VOICE OF TONI: What do you want?

VOICE OF BARRY: Try the hot water.

VOICE OF TONI: It works!

GROVER: Well, it looks like we’ve got things under control.

(PHILIP enters from right, dripping)

OLYMPIA: What about the flood?

PHILIP: Steve found the drain; it was plugged up.

OLYMPIA: And your oven?

PHILIP: I don’t actually know what water does to it.

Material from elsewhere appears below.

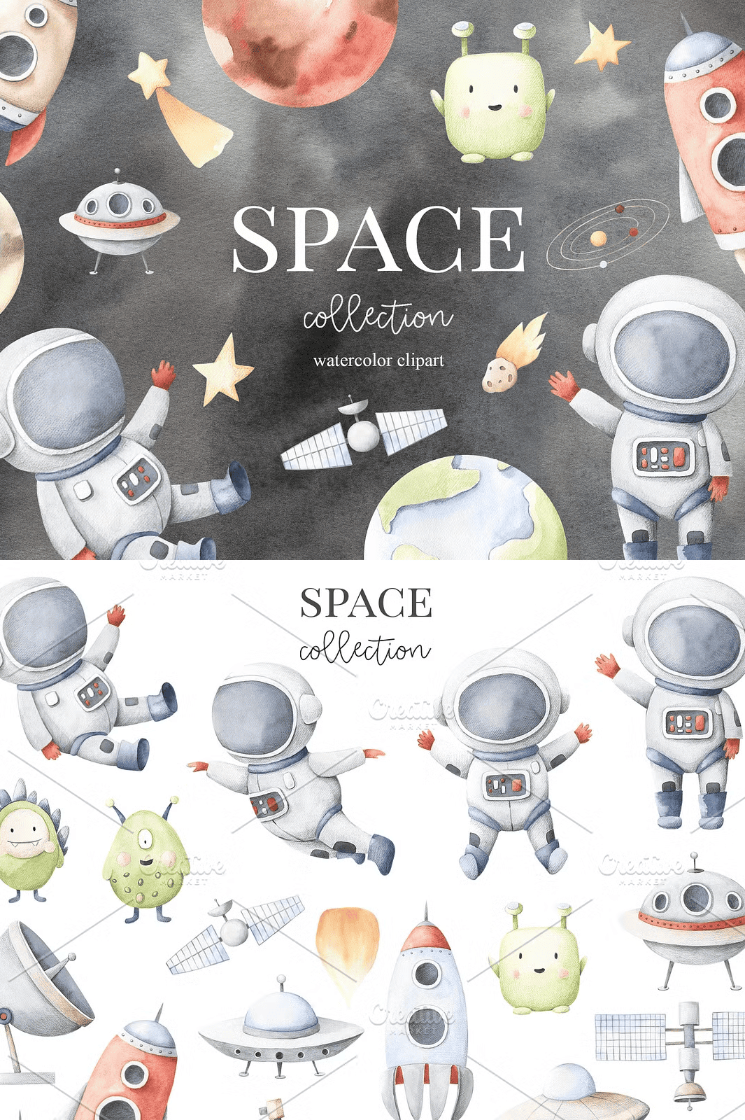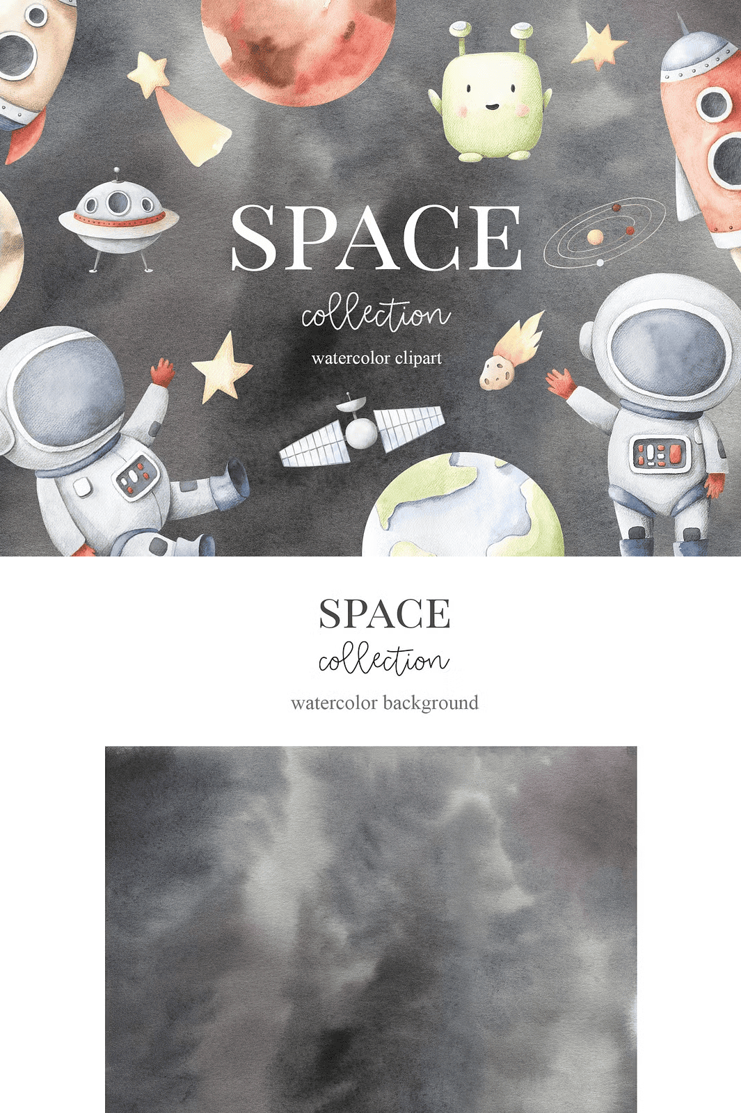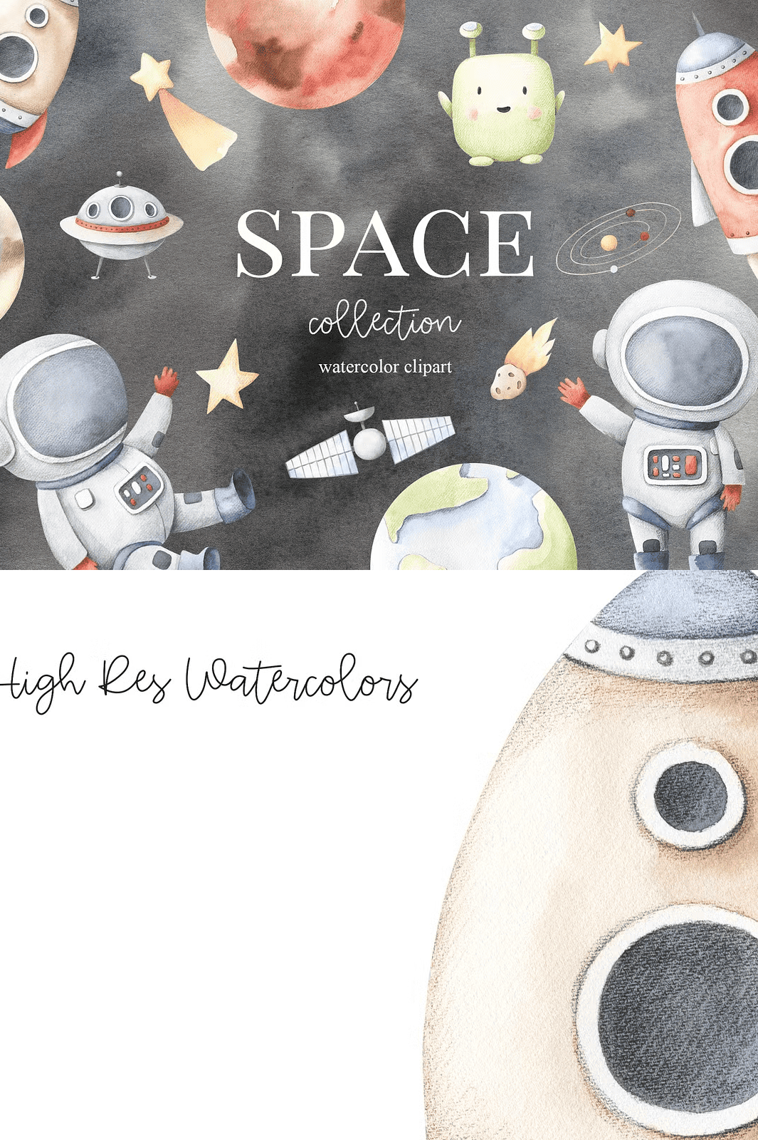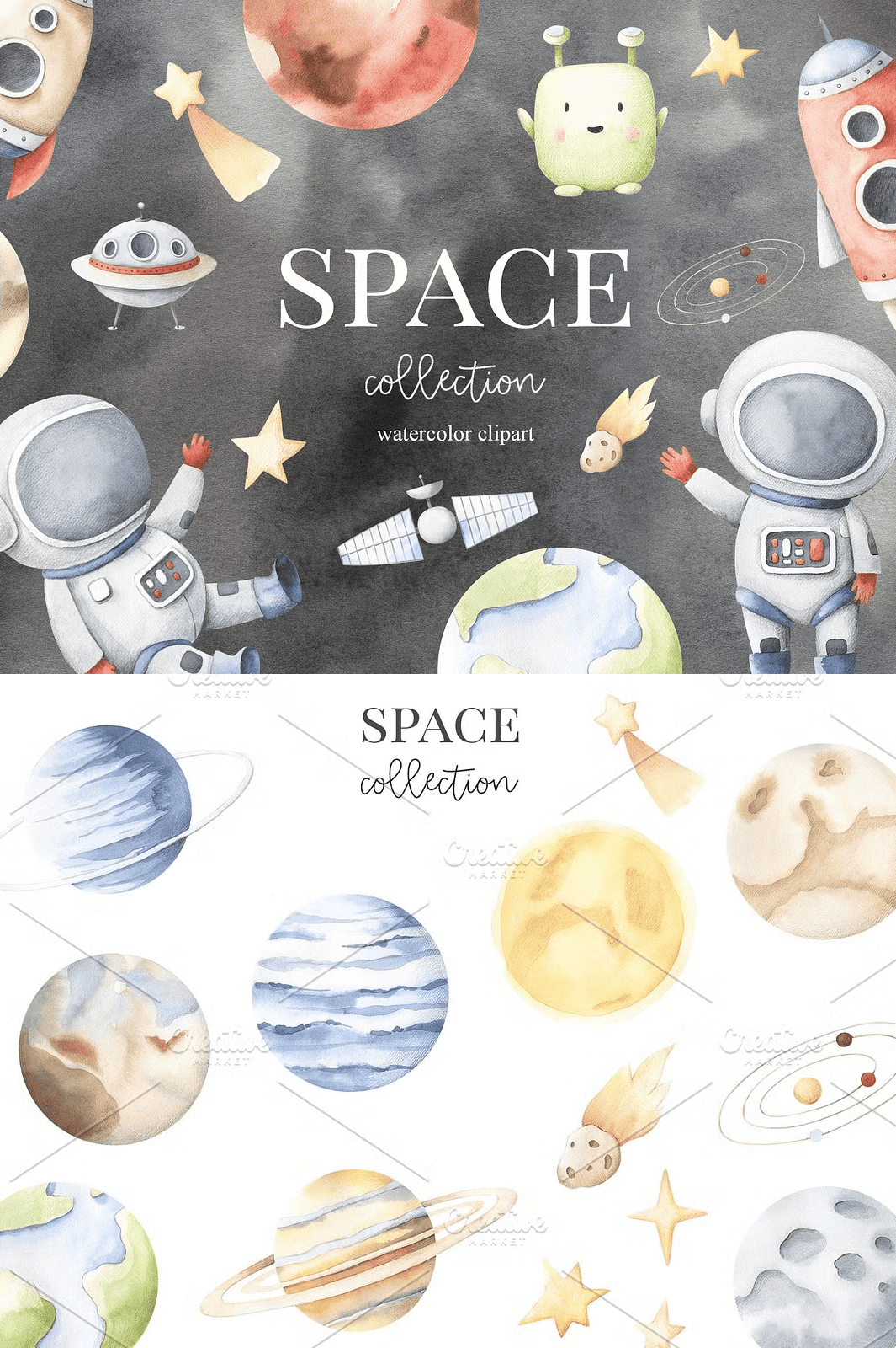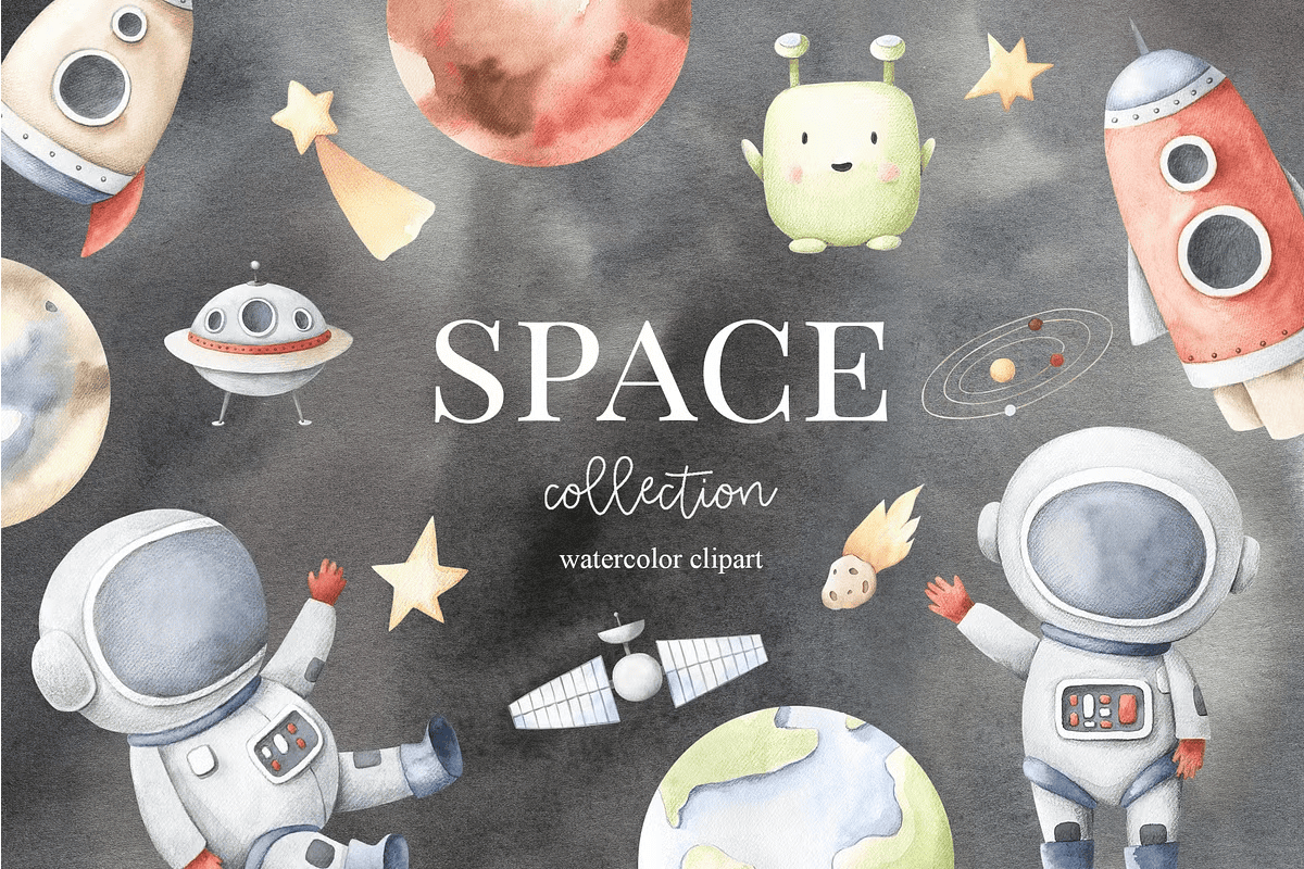 Let your creativity rocket beyond limits. Download the **Space Collection Watercolor Set** now and begin crafting magic among the stars.

GROVER: I guess that wasn’t the right connection —

OLYMPIA: It’s not your fault, Grover. Who would have known all that water would gush out as soon as —

PHILIP: I knew.

OLYMPIA: Well fortunately it was only water.

GROVER: That’s what I say. This one dude I knew had one of these things blow — I guess I told you that one. You know, Philip, I’ve been giving a careful look at that brochure you people made —

PHILIP: I’d better go up and put some dry socks on —

GROVER: If you want my opinion, I don’t think you should melt that shit down. It’s good. What I like best are the caricatures of religious objects, like the one of god playing with his dingy —

OLYMPIA: That’s what I’ve been telling him, but he’s so modest.

GROVER: I’m serious. That shit could sell. Now if you just built some shelves here, this room would make an ideal space for a display: hand-molded pottery and shit like that.

PHILIP: Do you really think so?

GROVER: Of course you’d need better light; maybe we could take some of that vegetation back out to the country; and more space —

BEN: Look, Grover, I think you misunderstand —

(MATTIE enters, takes Rose Anne from crib)

MATTIE: You people look like wet rags: We’d better get started, Dan; your brother is supposed to arrive in half an hour.

DAN: Oh, shit, I’ll never finish this.

MATTIE: If you’ll be planting the back later this afternoon, I’ll try to come back.

OLYMPIA: I don’t think Donna is up to any more planting today. How about tomorrow?

MATTIE: I thought Donna couldn’t make it on a weekday.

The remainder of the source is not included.